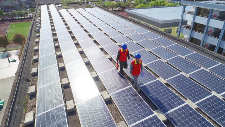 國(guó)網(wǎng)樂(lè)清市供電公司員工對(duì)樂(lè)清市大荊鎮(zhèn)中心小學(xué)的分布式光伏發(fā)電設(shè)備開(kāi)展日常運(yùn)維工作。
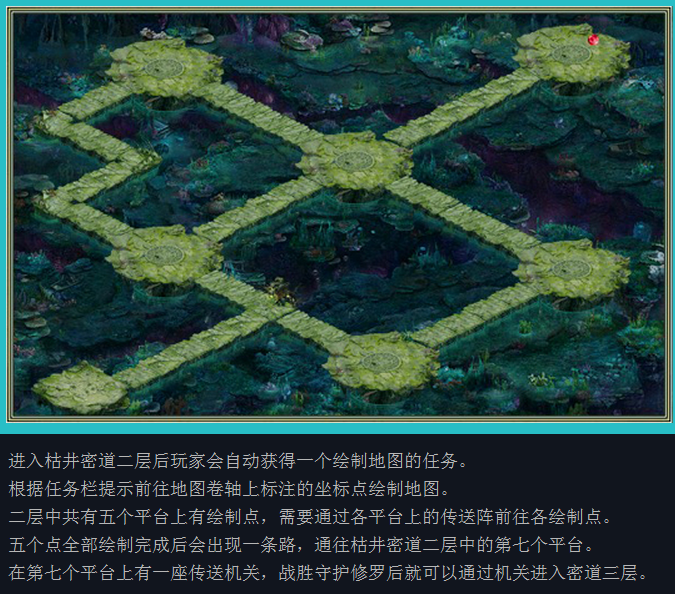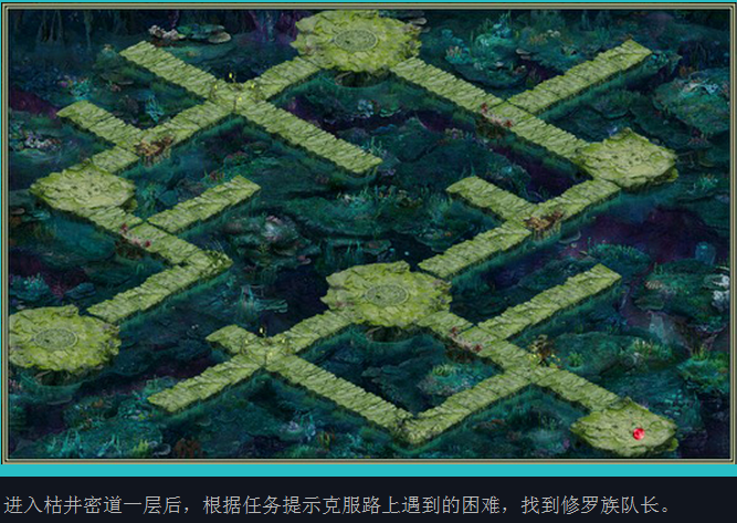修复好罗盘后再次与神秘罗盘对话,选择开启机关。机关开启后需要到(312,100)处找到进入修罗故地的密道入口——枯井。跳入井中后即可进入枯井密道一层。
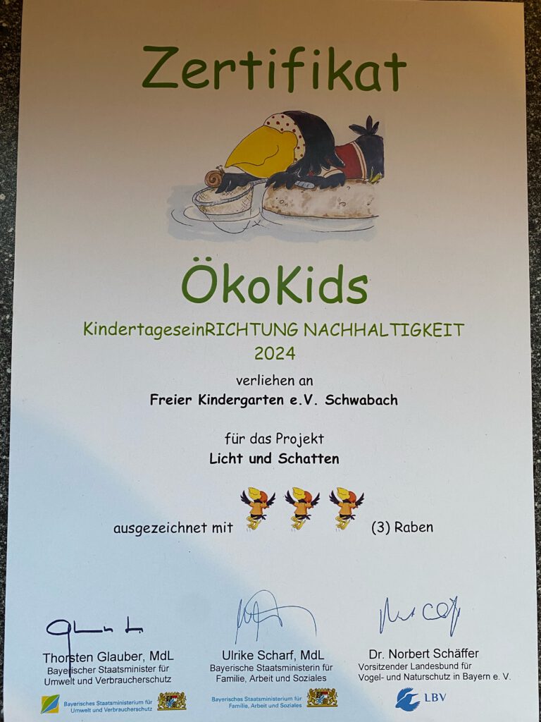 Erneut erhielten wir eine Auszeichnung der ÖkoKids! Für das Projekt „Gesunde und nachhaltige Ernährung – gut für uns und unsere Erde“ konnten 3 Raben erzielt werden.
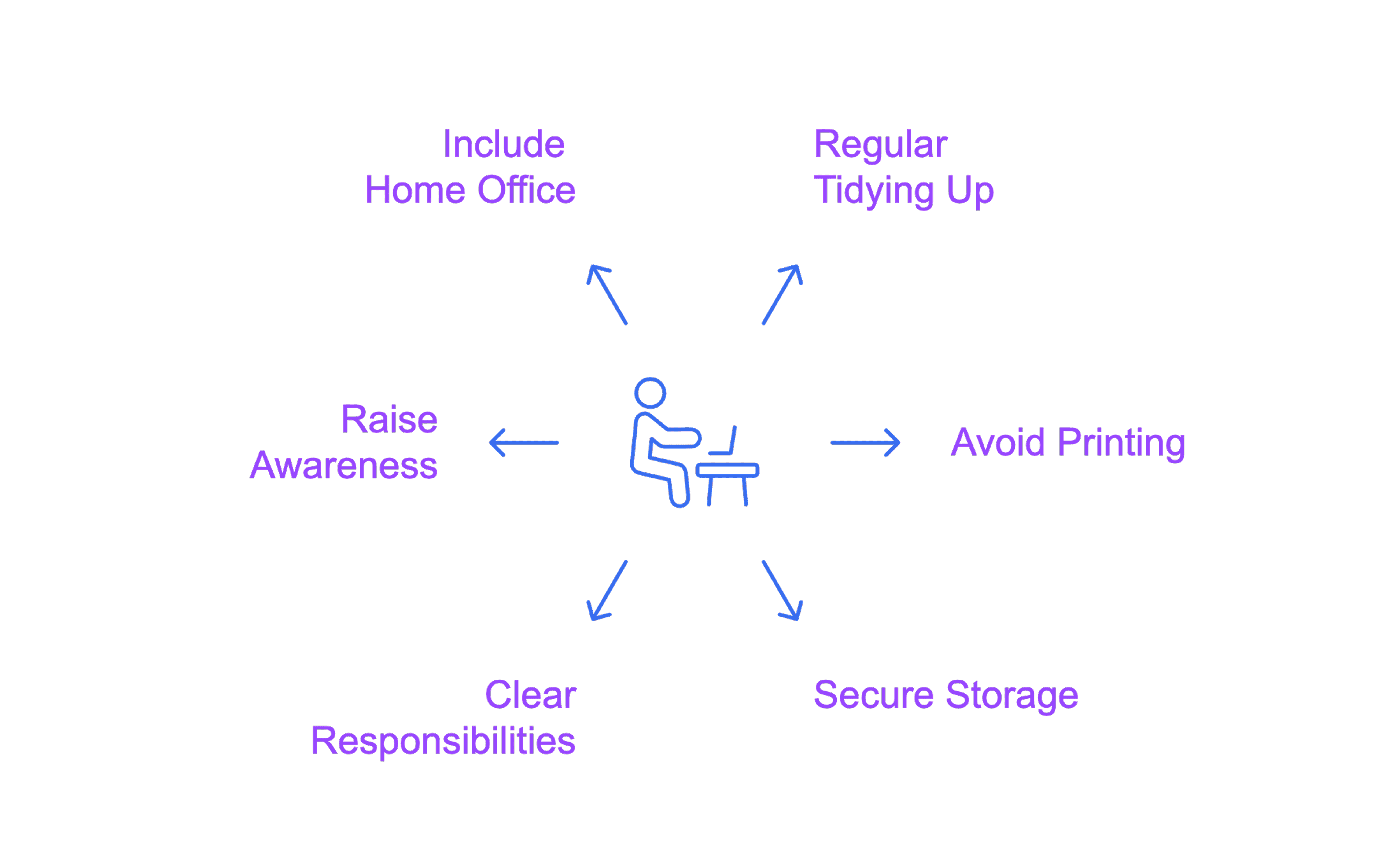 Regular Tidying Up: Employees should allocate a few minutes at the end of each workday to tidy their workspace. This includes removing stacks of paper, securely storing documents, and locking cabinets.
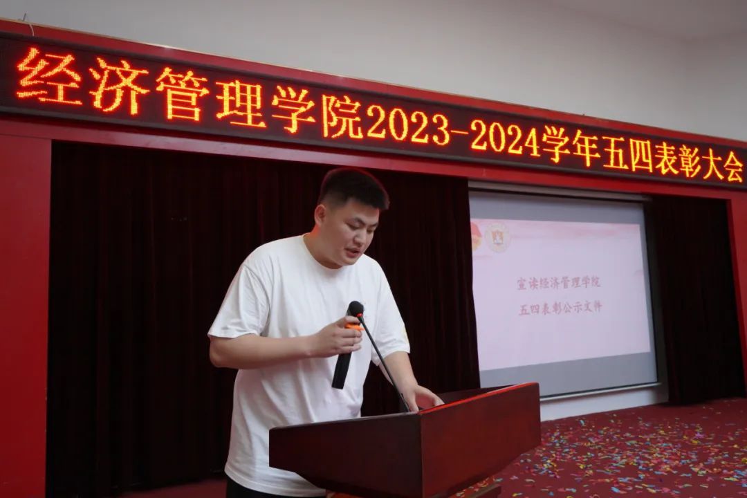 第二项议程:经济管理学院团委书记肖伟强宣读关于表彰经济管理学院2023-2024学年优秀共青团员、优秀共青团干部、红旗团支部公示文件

▸ What is expected:
Starting with the line that contains "Erneut erhielten wir", reproduce every line down to the end of the listing above, both endpoints included. Pictures stay out.

▸ Answer to this task:
 Erneut erhielten wir eine Auszeichnung der ÖkoKids! Für das Projekt „Gesunde und nachhaltige Ernährung – gut für uns und unsere Erde“ konnten 3 Raben erzielt werden.
 Regular Tidying Up: Employees should allocate a few minutes at the end of each workday to tidy their workspace. This includes removing stacks of paper, securely storing documents, and locking cabinets.
 第二项议程:经济管理学院团委书记肖伟强宣读关于表彰经济管理学院2023-2024学年优秀共青团员、优秀共青团干部、红旗团支部公示文件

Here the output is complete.